基準点の高さを後から調整できる点も、従来のレーザーレベラーにない利点だという。
「データを取っておけるのもいいですよね。レベラーの上げ下げはもちろん、最初の基準点の調整も簡単です。 たとえば変な基準点をとっちゃうと、マップの色がおかしくなっちゃうんですけど、基準点の高さを後から調整できるのがすごくラクですね。レーザーだと、大きく調整する場合は改めて基準点をとらなきゃいけない。そこはすごく良かったです」
さらに、AT2 MAXは少しユニークな使い方もされている。
「ちょっと面白い使いかたをしていて、AT2 MAXをバックモニター代わりにしているんです。 レベラー作業って、後ろを向いて土を運んでいる量を見ていないと、持ちすぎて取られちゃうことがあるんで。後ろ向いているのって、結構疲れるんですよ。 そこで、自動操舵中はMAXをバックモニターにして使っています。首が結構疲れるんですよね。後ろ向くのが好きな人ならいいかもですけど(笑)」
自動操舵とカメラモニターを組み合わせることで、作業姿勢の負担軽減にもつなげている。
乾田直播・畑地水稲・有機の可能性
「なんの作業でも、感覚を揃えてくれる」のが自動操舵 加藤さんの経営では、水稲約8haで乾田直播を行っているほか、畑地水稲(陸稲栽培・完全に水を入れない水稲栽培)にも取り組んでいる。
「もしかしたら、節水栽培(節水型乾田直播)で、カルチを使えば有機でいけるんじゃないかなと思っていて。初期除草で。ハイクリに付けて進めば、可能性はあるんじゃないかと感じています」
大豆・小麦・水稲の乾田直播に加え、畑地水稲や有機の可能性を見据えたカルチ除草など、「水をどこまで減らしつつ、雑草と付き合うか」という試行錯誤のなかでも、自動操舵は軸になっている。
「疲労軽減が一番なのと、なんの播種作業でも“感覚が一緒”じゃないですか。その後の作業で、何をするにもラク。 収穫作業をするのもラクになってくるんですよね。防除も収穫も、同じラインを走れるんですよ」
播種から除草、防除、収穫まで、同じラインを何度もトレースできることが、自動操舵の大きな価値だと加藤さんは話す。

アグリノートを軸にしたICTの中で
「自動操舵は、現場の負担を一気に下げてくれる存在」 米八では、アグリノートを中心に、ICTコンバイン・ドローン・水田センサー・衛星画像などのデータを一元管理し、「見える化」と「振り返り」を重ねながら経営と栽培をアップデートしている。 そのなかで自動操舵は、データそのものを生み出す基盤であると同時に、「現場に立つ人の負担を一気に下げてくれる」存在でもある。

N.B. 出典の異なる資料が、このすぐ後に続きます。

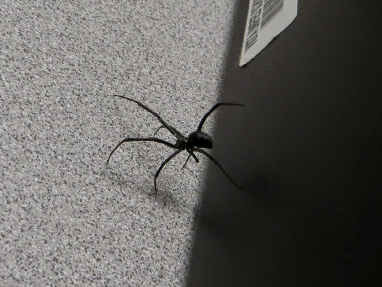 Below is a Southern Black Widow (Latrodectus mactans). Although they are called "southern," they are found throughout North America. Females are almost instantly recognizable by their completely black bodies and red hourglass marks, but males are not so obvious. Males are much smaller and brown, with white lines on their abdomens and a very small red hourglass. Usually, they prefer dark corners, but this one was out in the open in a classroom at high school. It had probably come out at night when the classroom was dark (we found it in the early morning). After it was discovered beside a computer, the teacher safely caught it and released it outside.
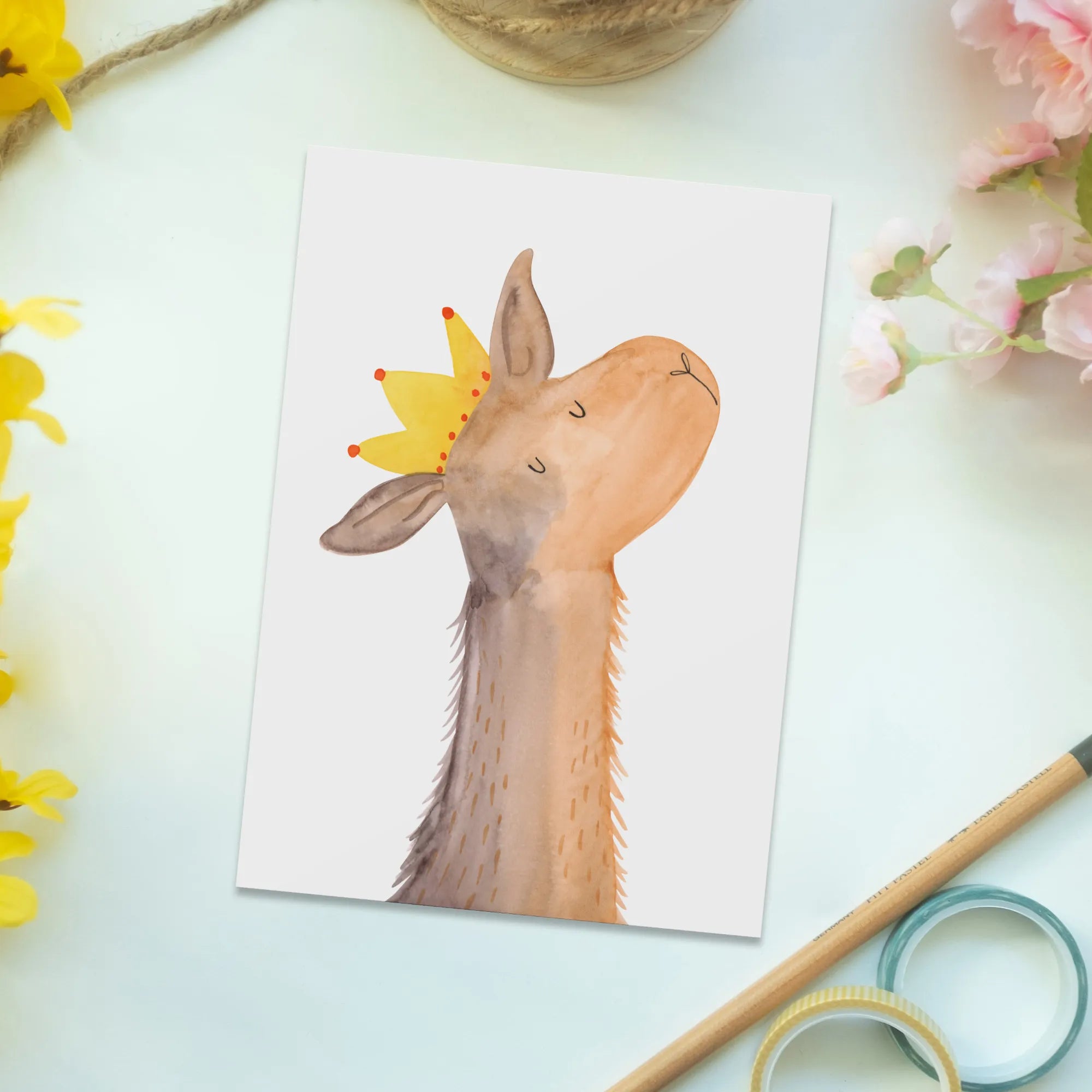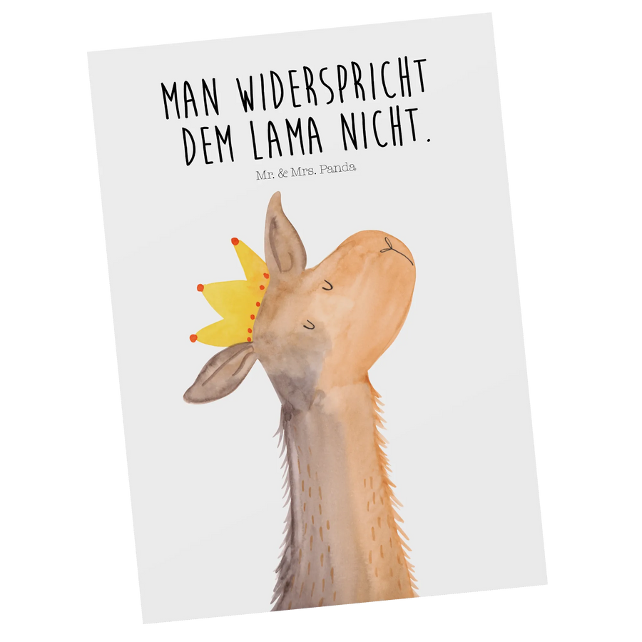 Verschenke die perfekte Postkarte mit dem Motive des Lamakopf Königs aus der Lama-Kollektion von Mr. & Mrs. Panda. Egal, ob du sie für einen Geburtstag, ein besonderes Dankeschön oder einfach so verschenken möchtest, diese Karte bringt garantiert ein Lächeln auf die Gesichter deiner Freunde und Familie.
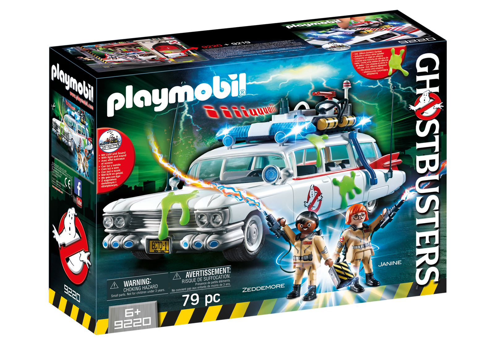 Ils sont de retour ! Qui vas-tu appeler ? ... Véhicule d'intervention des héros Ghostbusters avec sirène et effets lumineux. Avec les agents Winston Zeddemore et Janine Melnitz dans leurs combinaisons Ghostbusters. Le module de son et lumière nécessite 3 piles 1,5 V AAA (non fournies). Dimensions: 33 x 12,5 x 13 cm (LxPxH). Comprend deux sacs à dos Proton Pack et armes à Proton, un piège à fantôme, le détecteur PKE pour détecter l'énergie paranormale des fantômes et des projections d'Ecto-Plazm qui se fixent sur une paroi lisse. Ghostbusters & © 2018 Columbia Pictures Industries, Inc. All rights reserved.
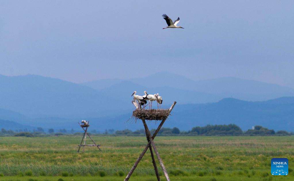 In pics: oriental white storks in artificial nests in Fujin City, NE China
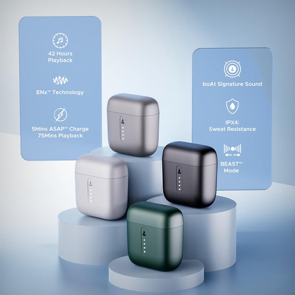 boAt Airdopes 141 Bluetooth TWS Earbuds with 42H Playtime,Low Latency Mode for Gaming, ENx Tech, IWP, IPX4 Water Resistance, Smooth Touch Controls(Bold Black)
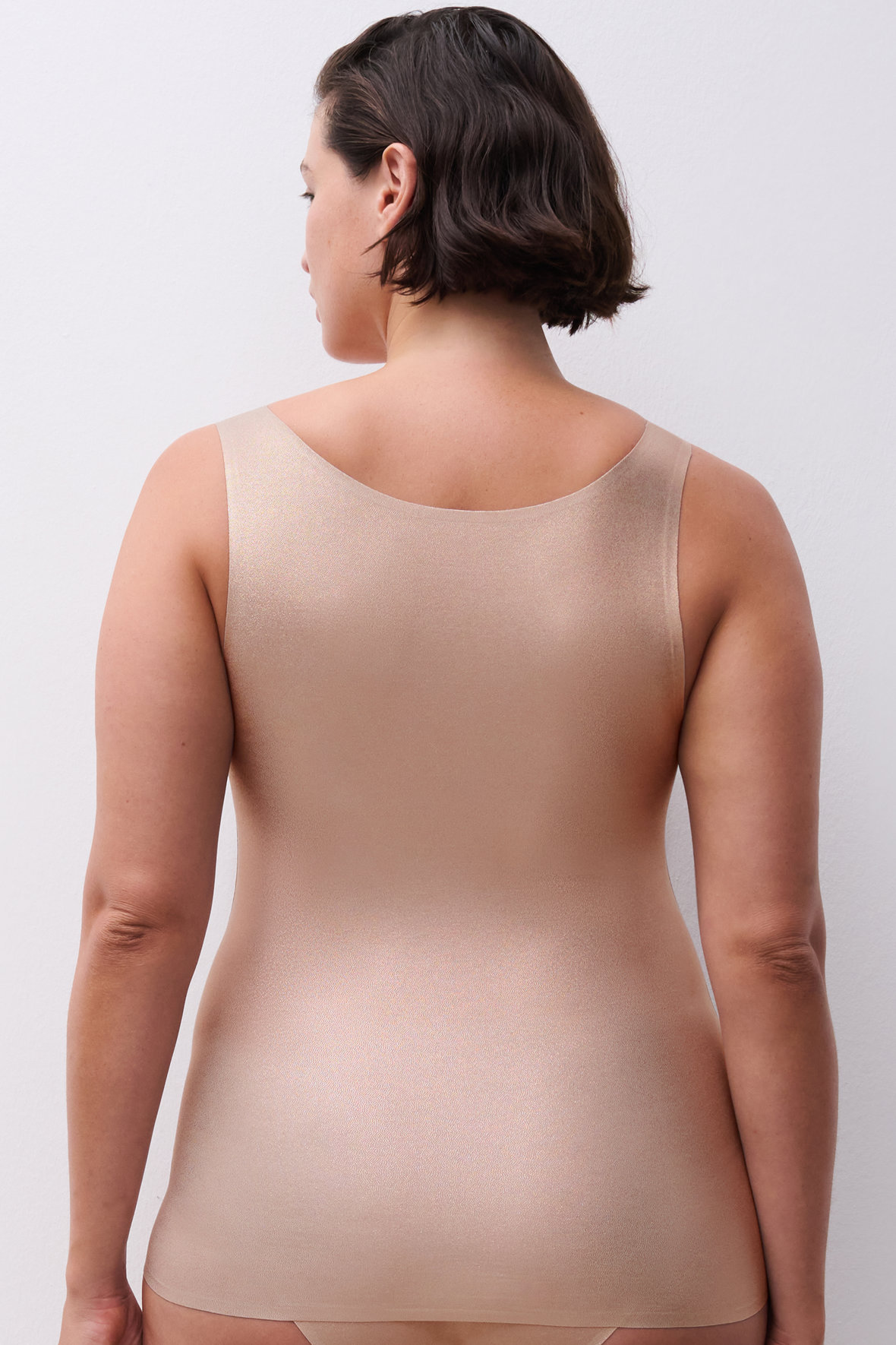 Tætsiddende tank top fra Soft Stretch universet og i onesize der går fra xs-xl altså str. 36 til 44. Seamless kvalitet der ingen sømme har, med limede kanter. Tætasiddende og derfor også god under tøj der sidder til. Med brede stropper. Vaskemærke er printet på. Den er lavet i guld metallic der kan være svært at se på billeder.
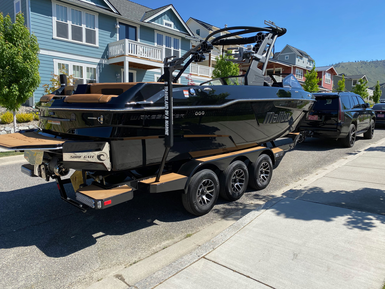 The boat is on a trailer, and the trailer folds down if needed. The trailer is a triple axle and is fully functional for tow away.
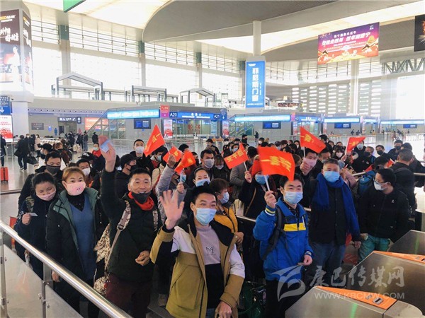 11:30分,D4755次返崗專列緩緩啟動。 站臺上的,前來送行的省農(nóng)民工服務中心工作人員們使勁揮起了雙手。車廂里,有的農(nóng)民工揮起了印有“一路平安”的小紅旗,有的隔著車窗豎起了大拇指……這讓省人社廳返崗服務專班交通保障組組長、省農(nóng)民工服務中心副主任秦家雷眼眶濕潤。秦家雷介紹,D4755次返崗專列的組織工作于2月18日開展,通過人社、交通、衛(wèi)健、鐵路等部門系統(tǒng),以及全省各市(州)、縣、鎮(zhèn)、村的大力配合,在不到兩天時間內(nèi),完成了917名返崗人員的摸排、健康體檢、車票購買諸多事項,充分體現(xiàn)了各系統(tǒng)各部門對農(nóng)民工的關心關愛,對復工復產(chǎn)抗擊疫情的努力和信心。

「スマート農業の機械って、どうしても通常より高くなりがちで、価格の面での課題もまだあるんですけど、自動操舵はその中でも、一番“毎日効いてくる”技術だと思っています」
耕うん・代かき・畦塗り・播種・乾田直播・中耕培土・除草・圃場均平――。 トラクターで行うほとんどすべての作業に自動操舵を組み込みながら、米八はこれからも「おいしく、楽しく、そして効率よく」農業を続けていく。

まとめ
米八様の事例は、自動操舵システムが現代のICT農業における中核技術として定着しつつあることを示しています。 FJD自動操舵システムおよびAL02を複数の作業工程に導入することで、播種・耕起・防除・均平作業まで一貫した作業フローを構築。さらに、農業経営支援システム「アグリノート」と連携することで、圃場での作業と営農管理データをシームレスにつなぎ、作業品質の均一化と経営効率の向上を実現しています。
また、を軸とした作業の標準化が進むことで、生産性の向上だけでなく、作業負担の軽減やオペレーターごとの作業品質のばらつき抑制にもつながっています。コメハチは、精密農業技術が実際の営農現場においてどのような価値を生み出すのかを示す好例と言えるでしょう。ICTを活用したスマート農業への取り組みを検討している農業経営体にとって、FJD自動操舵および AL02 より接続され効率的な圃場作業への実用的な道筋を提供します。